The Austin Empire

Moses Austin

A Connecticut Yankee was Moses Austin, an intrepid entrepreneur who had been an importer in Philadelphia and a lead miner at Richmond. In 1797, learning of the rich lead deposits in Missouri discovered by the French, he visited Missouri and obtained a grant from the Spanish officials covering a large part of Azor’s mines at Mine Au Breton. He brought his family, and 30 others here in 1798 and settled in his magnificent home, Durham Hall.

Portrait of Moses Austin

Here Austin transformed the primitive mining methods of the French into Missouri’s first major industry, turning out the first lead sheet cannonballs made in Missouri. By 1802, he was smelting all the lead for the district, and in 1809 he established Herculaneum, north on the Mississippi, for shot production and a shipping point for lead. But he overreached, took his fortune from the mines and invested it into a banking venture in St. Louis, which failed and left him financially ruined by 1819.

Seeking to retrieve his fortune, he set out for Texas in November, 1820. There was a chance meeting with a Spanish official he had known in Missouri and got him an audience, and permission from the Spanish to settle the first 300 American families in Texas.
The hardships of the return journey were too rigorous for him, and he died in June 1821, three weeks after his arrival back home in Missouri. He and his wife, Maria, are buried in the Old Cemetery in Potosi.

STEPHEN F. AUSTIN

Carrying out Austin’s plan and becoming the “Father of Texas” was his son, Stephen F. Austin, who respected his father’s deathbed wish and took the colony on into Texas.
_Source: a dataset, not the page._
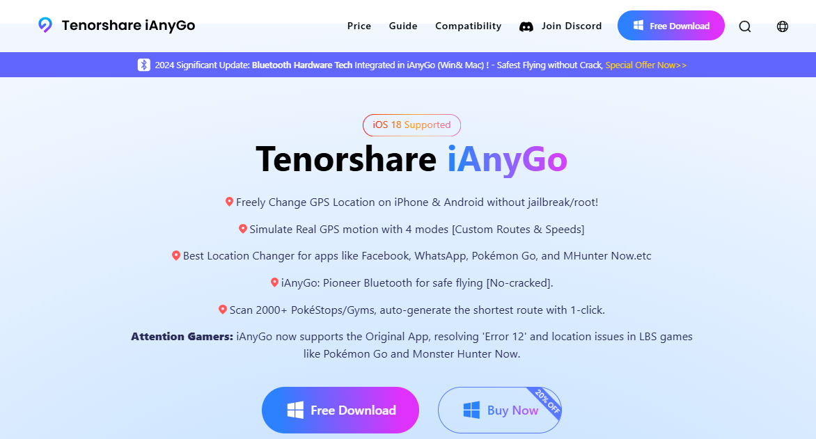 Step 1. Go to the official Tenorshare iAnyGo site on your PC.

Stephen has spent his boyhood at Potosi and represented Washington County in the territorial legislature for six years. Stephen carried on delicate negotiations with the Spanish as his Austin colony grew, and when friction flamed between the Spanish and Mexicans and the growing American colonies, served as commander-in-chief of the Army of Texas in the struggle for Texas independence.

With the formation of the Republic of Texas, Austin was named the first secretary of State. He died soon after on December 27, 1836, but not before placing his stamp on the Southwest and his name on the new state’s capitol, Austin.